Sam thought for a moment, unsure whether he should press his luck, but there was a problem they needed to address while they still could.
“Yes, ma’am, I am concerned about our ability to deal with another round of damage. We took a hit in an engineering parts bay, so a lot of our key replacement parts are gone, over and above the actual damaged components we had to replace. If you want us up front and active, we could really use a component resupply.”
“It’s not possible, Lieutenant,” Commander Boynton said, taking off his view glasses and tossing them on his workstation in anger. “If you had an astrogation background you’d understand that. You know Hornet’s crippled. You want one of the destroyers in your division to shuttle back and forth to Hornet for parts? It’s not feasible, either from the point of view of reaction mass or available time.”
Sam fought a momentary urge to answer that arrogant prick the way he deserved, but swallowed it and nodded seriously instead.
“You#8217;re absolutely right, sir, which is why that’s not what I had in mind. I bet most of the parts we need are on the other three division boats, and as they’re heading back to Hornet anyway–”
“W-wait!” Captain Bonaventure of Oaxaca said, as if suddenly waking from a nap. “What’s that?”
“Make up your list, Bitka,” Kleindienst said, “but light a fire under it. Captain Bonaventure, you fill that list, but spread it out. No more than two cargo pods per boat. I want your three division boats headed back to Hornet ASAP. The admiral detached an Indian cruiser–INS Kolkata–as close escort back there but he wants it up front in his line of battle when the shooting starts. Our two cruisers at Mogo won’t get to us until at least two weeks after we reach K’tok orbit. Until INS Kolkata can rejoin, the cruiser force is down to four heavies.”
“Ma’am, I’m not happy about cannibalizing my parts lockers,” Bonaventure said. “As beat up as Hornet is, what guarantee is there she’ll be able to restock us when we get there?”
“None,” Kleindienst said. “Make it happen anyway.”
Then she turned to her right and glared at Atwater-Jones. “And what are you grinning about?”
Atwater-Jones smiled sweetly at the chief of staff. “Nothing in particular, Mum. I hail from a green and pleasant land and it makes me cheerful by disposition. Sometimes just thinking about Old Blighty makes me smile.”
Kleindienst turned back with a sour look. “Now, if there are no more questions, we’ve all got work to do. Let’s get on it.”
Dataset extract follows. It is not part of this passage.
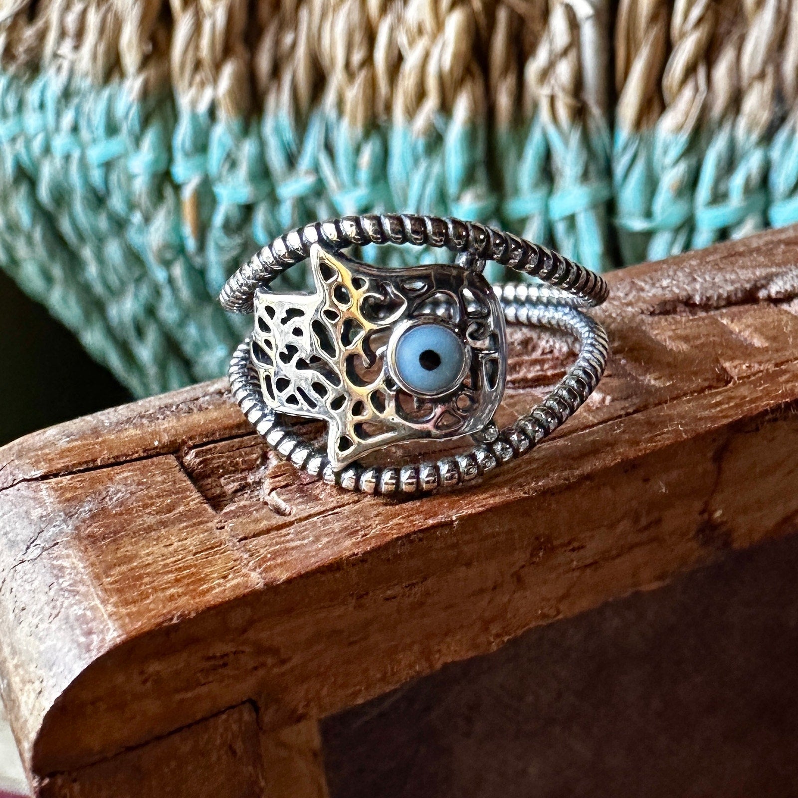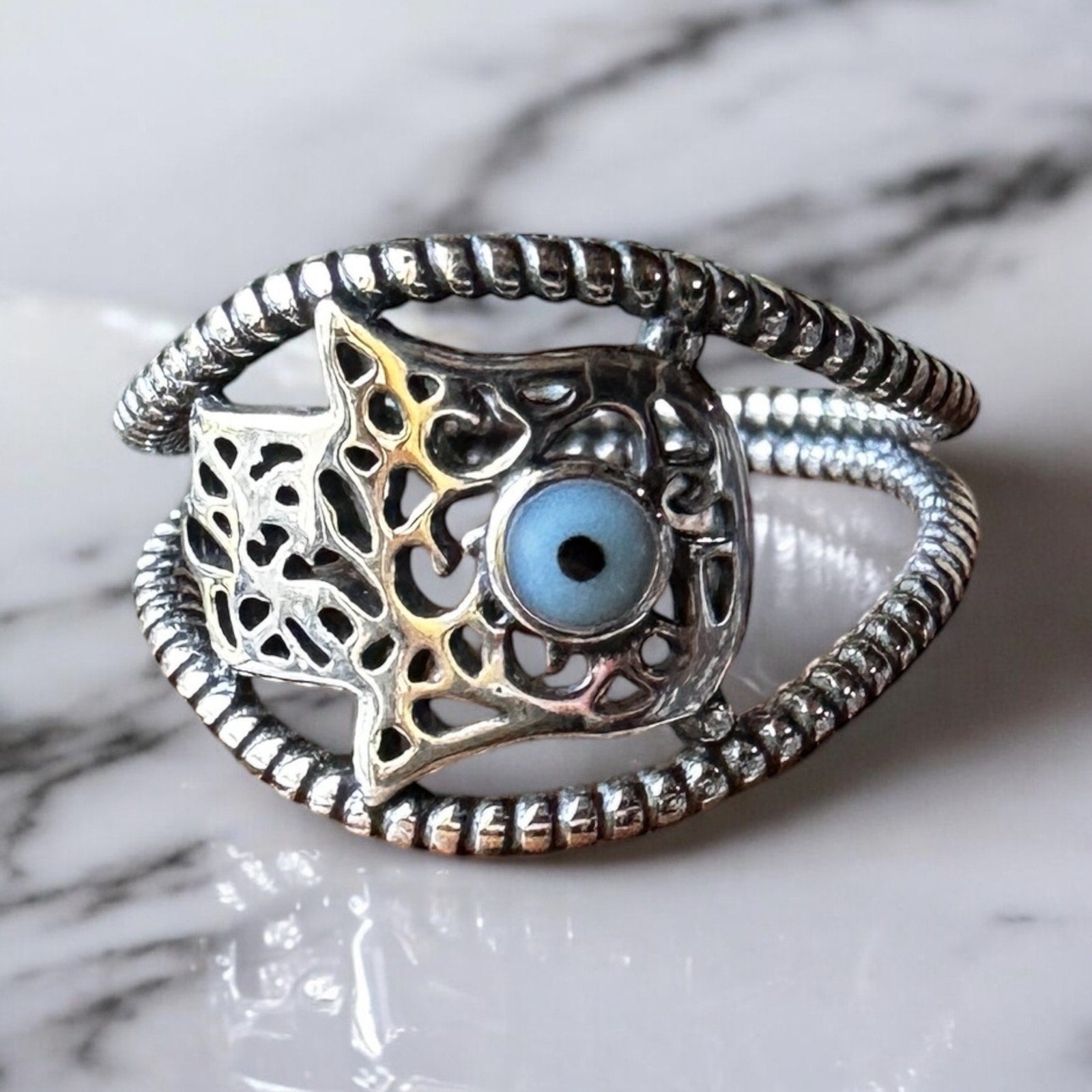 Embrace protection and style with this exquisite Hamsa sterling silver ring. Crafted from high-quality 925 sterling silver, the intricately designed Hamsa hand symbolizes good fortune, health, and protection against negative energies. The polished finish enhances its elegant appeal, making it a perfect statement piece for everyday wear or special occasions. Ideal as a meaningful gift or a personal talisman, this timeless ring complements any jewelry collection.

She cut the connection and all of the holo-images vanished, leaving Sam alone in his office. He waited for his commlink to vibrate, waited for the accompanying ID tone of the captain, but it did not come and Del Huhn faded a little more. After five minutes he gave up, squinted up the boat’s directory, and pinged Rose Hennessey, the chief engineer.
“Hennessey, I got six two-cubic-meter cargo pods worth of replacement parts lined up from the other three division boats, but I need a prioritized list of what you want and I need it fast.”
“Six pods? Bitka I want to have your babies!”